FOR 10 years, Megan Grieves went to the GP more than 30 times looking for answers.
A decade later, the mother was left with a giant crater on her leg after doctors dismissed her concerns as “scaly skin” and psoriasis.
The now 36-year-old said it was her late grandmother, June Evans, 69, who first raised concerns about a small freckle on her left leg.
And she credits June with “saving her life” – after pushing her for answers.
Megan claims her growing wart passed as dry skin at every checkup and was prescribed moisturizing creams to treat the scaly area on her shin.
And despite the mole growing to the size of a dime over the decade, the assistant professor claims she continued to receive other ointments to treat a bout of ‘psoriasis’.
It was only when June pushed for a diagnosis and Megan was seen by another family doctor that she was referred to a dermatologist.
In September 2016, aged just 28, Megan was diagnosed with melanoma – the deadliest form of skin cancer.

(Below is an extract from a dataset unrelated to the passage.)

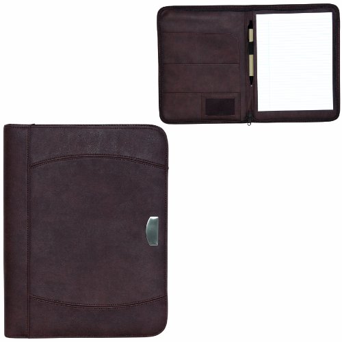 -. Feature : Three-sided zipper closure, Inside pen loop, / 10" W x 13" H x 1" D / Paper pad and recycled enviro pen included / Inside slash and business card pockets

As time went on, my mole became flakier and flakier. It started from the size of a large freckle and reached the size of 10p.
Megan suffers
Megan then underwent two surgeries to remove the cancerous spot and check that the disease had not spread to her lymph nodes.
Horrifying photos show a gaping wound the diameter of a cricket ball where the wart and surrounding skin had been cut into the leg to remove the cancer.
And after having a skin graft to cover the incision, the mother-of-two was left with a permanent “crater” on her leg, which she claims the children stare at.
Despite being cured of cancer in 2017, Megan now shares a Facebook post every year to encourage people to get new blemishes and skin changes checked by a doctor.
She also thanked her grandmother, who sadly passed away in 2020, for continuing to push for her growing mole to be taken seriously.
Grandma saved my life
Megan, from Leicester in Leicestershire, said: “I’ve had a wart on my leg for as long as I can remember.
“When I turned 15, my grandmother said she didn’t like the way I looked and told me to go to the doctor.
“My wart peeled and pieces fell off. I think over a 10 year period I went to see the GP about this wart about 30 times.
“I kept going back to the doctors and every time I went to the doctor they would just tell me it was dry skin or psoriasis and give me E45 cream to try and prescribe me lots of different things.
“As time went on, my wart became flakier and scalier and sometimes bled.
They cut a circle out of my leg so I was left with an open wound.
Megan suffers
“It started out the size of a large freckle and grew to the size of a 10-cent coin.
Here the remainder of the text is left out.